Australian crude oil and condensate exports increased to 293,000 barrels a day in 2019-20. Exports are expected to increase further to 310,000 barrels a day in 2020-21, and remain at this level in 2021-22.
According to the latest Resources Energy Quarterly, prepared by the Office of the Chief Economist, overall crude and condensate production increased over the last financial year by a massive 18%.
This is attributable to Woodside's Greater Enfield project.
The Greater Enfield project is a joint venture between Woodside (60%) and Mitsui (40%) located in the Carnarvon Basin some 60 kilometres offshore Exmouth.

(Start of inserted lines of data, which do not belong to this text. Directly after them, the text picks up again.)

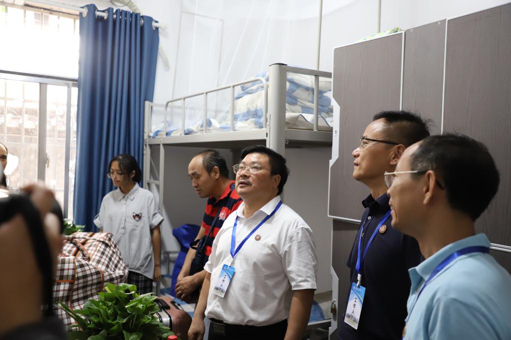 戴爱国、易刚强一行深入宿舍、食堂悉心查看学生住宿、用餐等情况,与到校的新生和家长热情交流,认真聆听新生和家长对学校的建议与感受,欢迎他们成为护理学院大家庭的一员,并鼓励他们尽快适应大学的学习和生活环境,开启美好的大学生活。
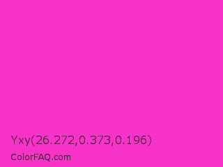 Yxy 26.272,0.373,0.196 Color is a normal magenta color and the nearest color is Razzle Dazzle Rose #ff33cc. Hex code #f732c9 and RGB value is rgb(247,50,201). In RGB color space, this color is composed of 97% red, 20% green, 79% blue, In CMYK color space, this color is composed of 0% cyan, 80% magenta, 19% yellow , 3% black , In HSL color space, this color has a hue angle of 314° , 92% saturation and 58% lightness.
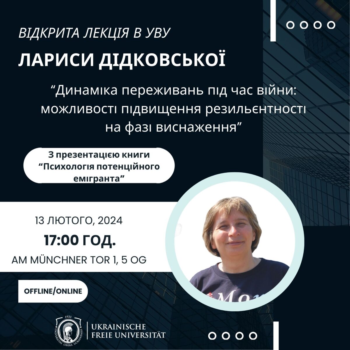 У вівторок, 13 лютого, запрошуємо Вас на відкриту лекцію психотерапевтки, психолога, деканки Філософського факультету УВУ, проф. Лариси Дідковської на тему "Динаміка переживань під час війни: можливості підвищення резильєнтності на фазі виснаження".
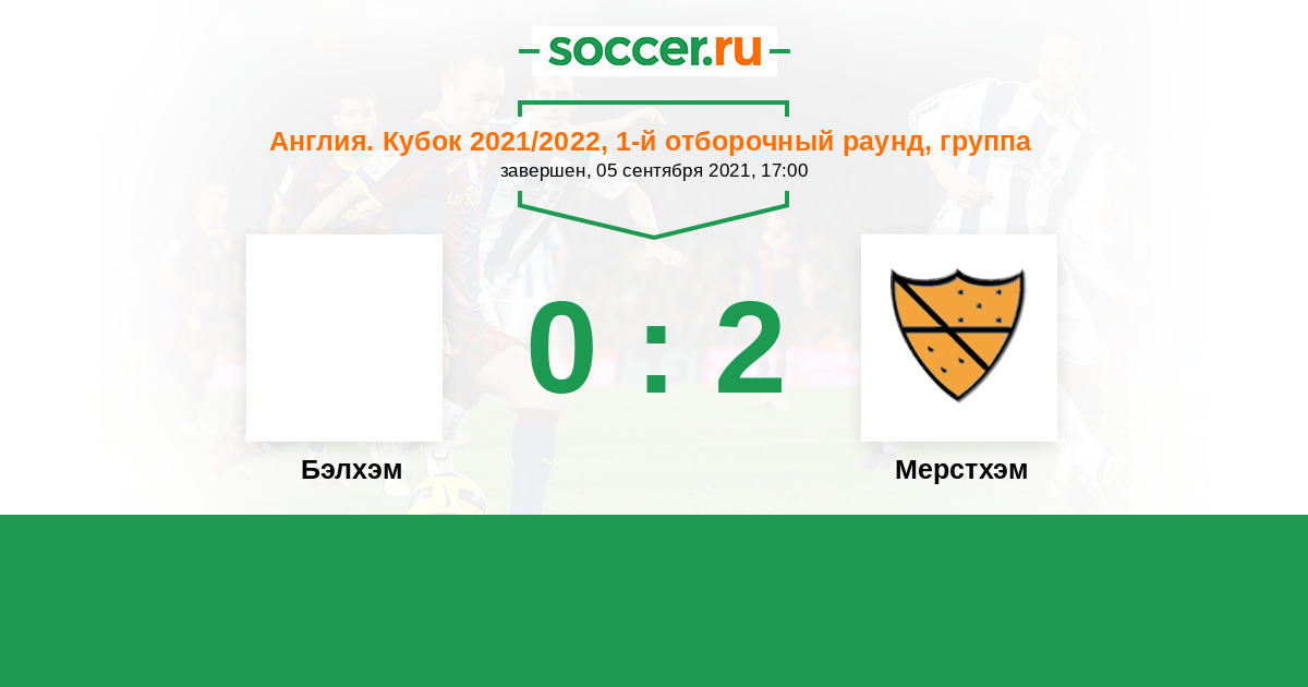 Бэлхэм - Мерстхэм: обзор матча 5 сентября 2021
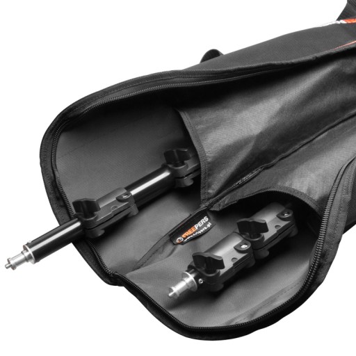 - Pokrowiec bez trudu pomieści łącznie 3 duże statywy, jeden mniejszy oraz 2 parasolki (zobacz zdjęcia przykładowe)
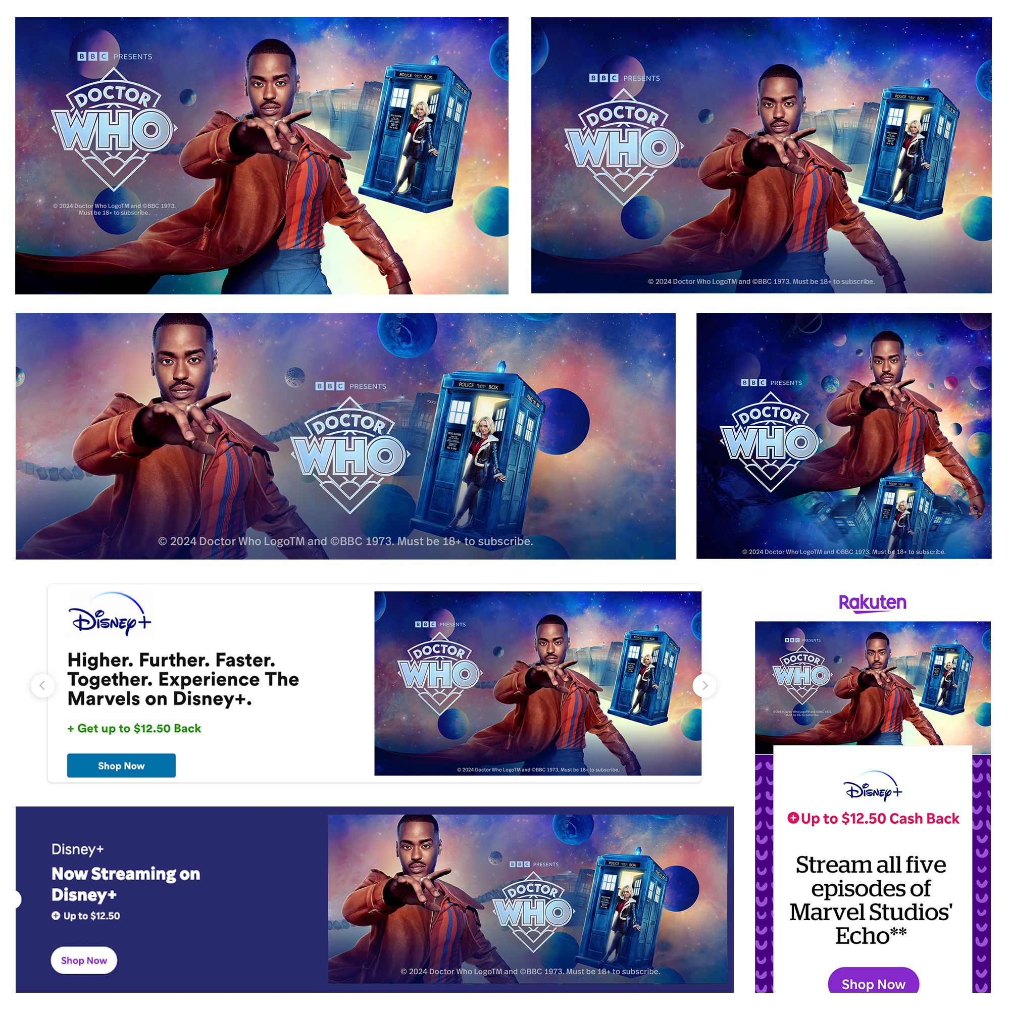 Holidays on Disney+ (CTV examples) had many moving parts in their branded static toolkit so a lot of the placements were like doing collage.
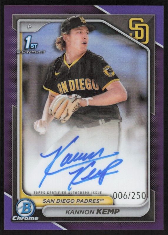 2024 Bowman Chrome Kannon Kemp 1st Purple Refractor Auto #D /250 Padres #CPA-KK
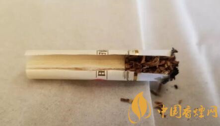 剖開濾嘴,為一段式的醋酸纖維絲束。沒有開降焦孔,絲束顏色淺黃,如此填充緊實(shí)的煙支,很不錯(cuò)!絲束上有條帶狀色深帶,是豎紋盤紙導(dǎo)氣所致。
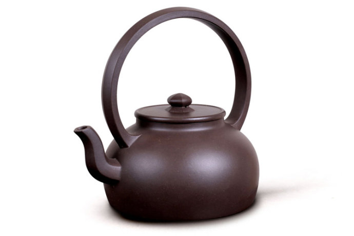 提梁:从铜器及其他器形吸取而来的壶式,除提梁的大小与壶体协调外,其高度以手提时不碰到壶盖的钮为宜,有硬提梁、软提梁两种,光素器、花塑器都有,变化丰富。
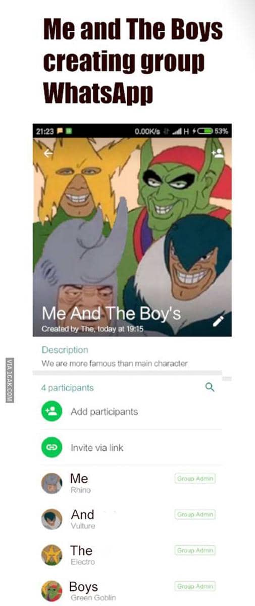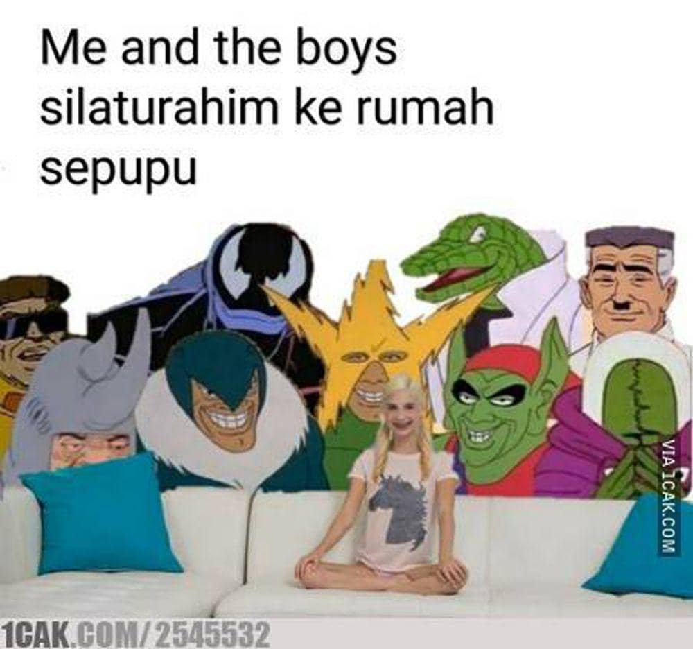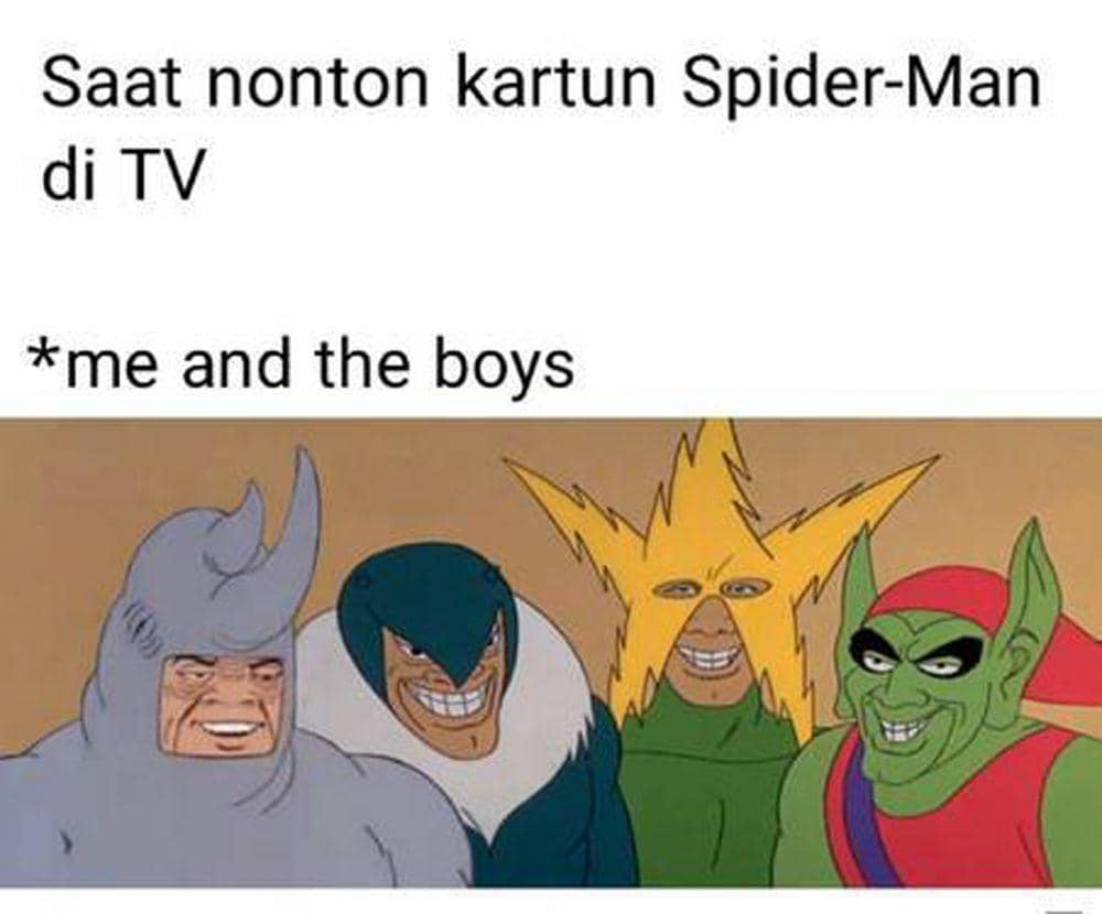 Meme 'me and boys' lagi viral di media sosial. Meme ini diambil dari potongan film animasi Spiderman pada tahun 60an, yang mana berisi para penjahat ikonik seperti Vulture, Elektro, dan Green Goblin, serta Rhino yang telah diedit.
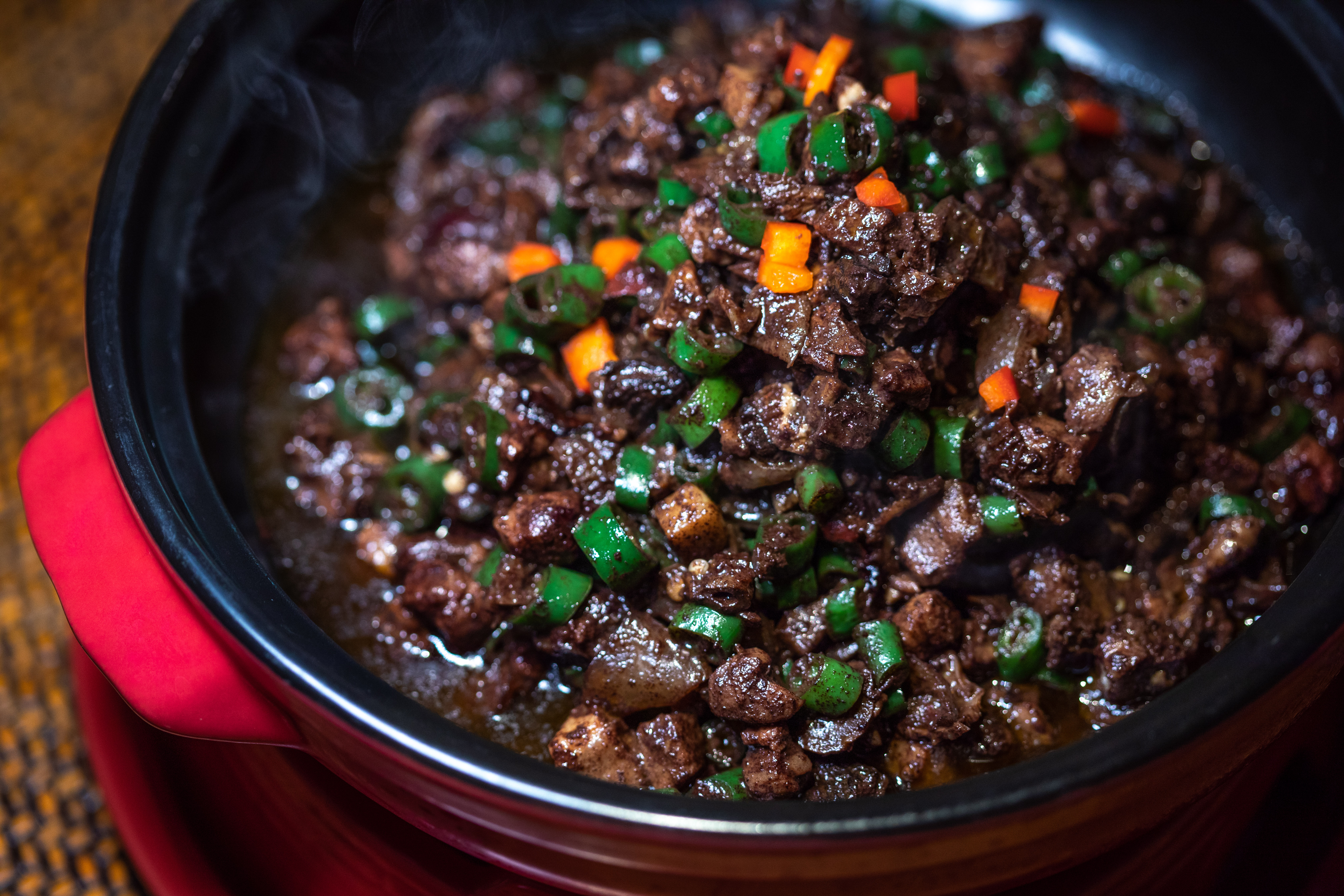 湘菜中,有个庞大的菜系是肥肠,每个地方逐渐形成一些特色的肥肠菜。酷湘的常德土钵肥肠,是经过精心选料的。为了确保肥肠足够干净,光是清洗这一步就耗费了大量的时间和精力。洗净的肥肠还要将每一段精细区分,肠头需得切成肠段,小肠需剖开切片,而两者中间的大肠部分则要切成圈状,这样才能将肥肠的干香滋味发挥到极致。每一份肥肠,都按比例分别搭配了肠头、大肠、小肠,不同部位的口感,或厚实,或爽脆,混合在一起,再配上下面搭配的笋丝,让人忍不住再来一碗米饭。
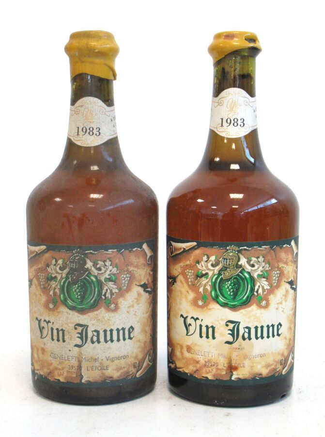 2 Blles VIN JAUNE mise Geneletti Vigneron 1983 Et. tachées. N : 2 cm.
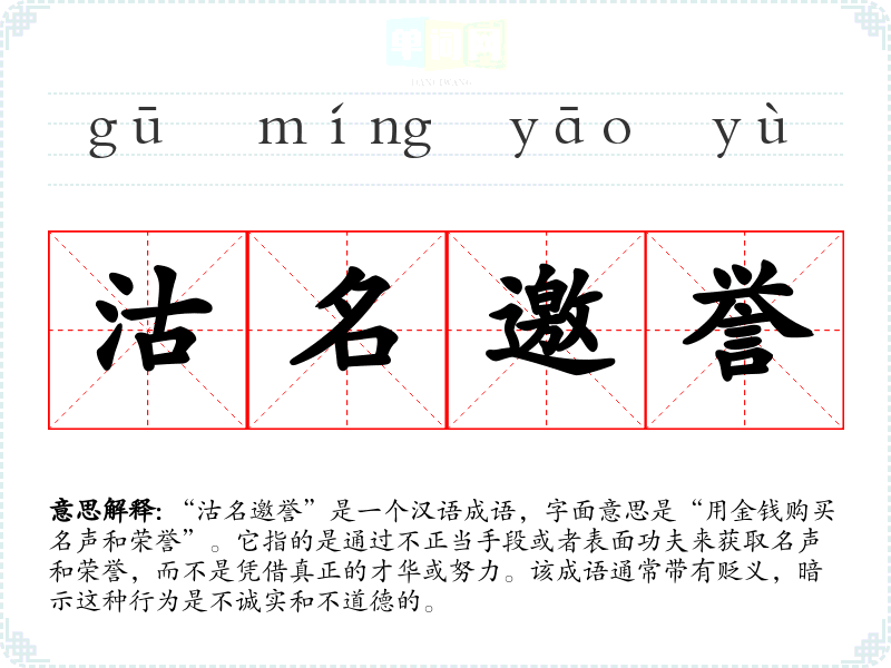 “沽名邀誉”是一个汉语成语,字面意思是“用金钱购买名声和荣誉”。它指的是通过不正当手段或者表面功夫来获取名声和荣誉,而不是凭借真正的才华或努力。该成语通常带有贬义,暗示这种行为是不诚实和不道德的。

Oil is produced from the Laverda, Canyon, Norton, and Cimatti fields within WA-28-L and WA-59-L and then tied back to the existing Ngujima-Yin floating production storage and offloading vessel.
A final investment decision for the A$2.7 billion project was made in June of 2016 and first oil was reached in mid-2019.
In Woodside's own full-year 2019 results, released in mid-February, the Greater Enfield project added roughly 4 million barrels of oil to production since it was brought online. It is currently producing at around 40,000 barrels per day.
The massive increases in production were somewhat offset by Prelude FLNG's shutdown which shuttered associated crude and condensate output.
"Late in the fiscal year, condensate and liquid petroleum gas production was affected by the temporary shutting of the Prelude FLNG project from February 2020," the REQ said.
"As of September 17, Prelude remains offline, with no official restart date announced."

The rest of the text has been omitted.